Certain ours montagnard, ours à demi léché,
Confiné par le Sort dans un bois solitaire,
Nouveau Bellérophon, vivait seul et caché.
Il fût devenu fou : la raison d’ordinaire
N’habite pas longtemps chez les gens séquestrés.
Il est bon de parler, et meilleur de se taire ;
Mais tous deux sont mauvais alors qu’ils sont outrés.
Nul animal n’avait affaire
Dans les lieux que l’ours habitait ;
Si bien que, tout ours qu’il était,
Il vint à s’ennuyer de cette triste vie.
Pendant qu’il se livrait à la mélancolie,
Non loin de là certain vieillard
S’ennuyait aussi de sa part.
Il aimait les jardins, était prêtre de Flore ;

Il l’était de Pomone encore,
Ces deux emplois sont beaux ; mais je voudrais parmi
Quelque doux et discret ami.
Les jardins parlent peu, si ce n’est dans mon livre :
De façon que, lassé de vivre
Avec des gens muets, notre homme un beau matin,
Va chercher compagnie, et se met en campagne.

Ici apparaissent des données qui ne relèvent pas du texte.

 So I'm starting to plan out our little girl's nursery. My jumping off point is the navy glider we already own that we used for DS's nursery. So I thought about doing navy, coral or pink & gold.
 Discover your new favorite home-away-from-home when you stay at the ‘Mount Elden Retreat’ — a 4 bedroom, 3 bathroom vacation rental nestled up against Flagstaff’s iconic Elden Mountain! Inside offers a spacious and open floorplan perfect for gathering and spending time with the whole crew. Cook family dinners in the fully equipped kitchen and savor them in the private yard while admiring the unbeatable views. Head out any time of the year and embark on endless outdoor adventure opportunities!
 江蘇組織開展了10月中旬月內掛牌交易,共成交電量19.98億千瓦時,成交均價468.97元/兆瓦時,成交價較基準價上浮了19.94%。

L’ours, porté d’un même dessein,
Venait de quitter sa montagne.
Tous deux, par un cas surprenant,
Se rencontrent en un tournant.
L’homme eut peur : mais comment esquiver ? et que faire ?

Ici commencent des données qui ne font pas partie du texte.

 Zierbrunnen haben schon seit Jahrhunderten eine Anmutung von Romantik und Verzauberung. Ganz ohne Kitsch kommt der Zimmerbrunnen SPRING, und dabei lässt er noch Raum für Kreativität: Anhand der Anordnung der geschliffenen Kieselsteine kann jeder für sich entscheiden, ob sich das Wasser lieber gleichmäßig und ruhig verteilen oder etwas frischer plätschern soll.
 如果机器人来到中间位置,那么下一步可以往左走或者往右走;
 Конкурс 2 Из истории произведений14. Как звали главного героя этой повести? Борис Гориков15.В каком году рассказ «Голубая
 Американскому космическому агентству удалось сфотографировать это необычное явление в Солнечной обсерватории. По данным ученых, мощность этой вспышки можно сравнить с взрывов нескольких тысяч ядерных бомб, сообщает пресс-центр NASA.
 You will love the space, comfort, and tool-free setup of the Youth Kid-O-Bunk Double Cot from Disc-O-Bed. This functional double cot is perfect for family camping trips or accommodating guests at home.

Se tirer en Gascon d’une semblable affaire
Est le mieux : il sut donc dissimuler sa peur.
L’ours, très mauvais complimenteur,
Lui dit : Viens-t’en me voir. L’autre reprit : Seigneur,
Vous voyez mon logis ; si vous me vouliez faire
Tant d’honneur que d’y prendre un champêtre repas,
J’ai des fruits, j’ai du lait : ce n’est peut-être pas
De nos seigneurs les ours le manger ordinaire ;
Mais j’offre ce que j’ai. L’ours l’accepte ; et d’aller.
Les voilà bons amis avant que d’arriver :
Arrivés, les voilà se trouvant bien ensemble ;
Et bien qu’on soit, à ce qu’il semble,
Beaucoup mieux seul qu’avec des sots,
Comme l’ours en un jour ne disait pas deux mots,
L’homme pouvait sans bruit vaquer à son ouvrage.
L’ours allait à la chasse, apportait du gibier ;
Faisait son principal métier
D’être bon émoucheur ; écartait du visage
De son ami dormant ce parasite ailé
Que nous avons mouche appelé.
Un jour que le vieillard dormait d’un profond somme,

Sur le bout de son nez une allant se placer
Mit l’ours au désespoir ; il eut beau la chasser.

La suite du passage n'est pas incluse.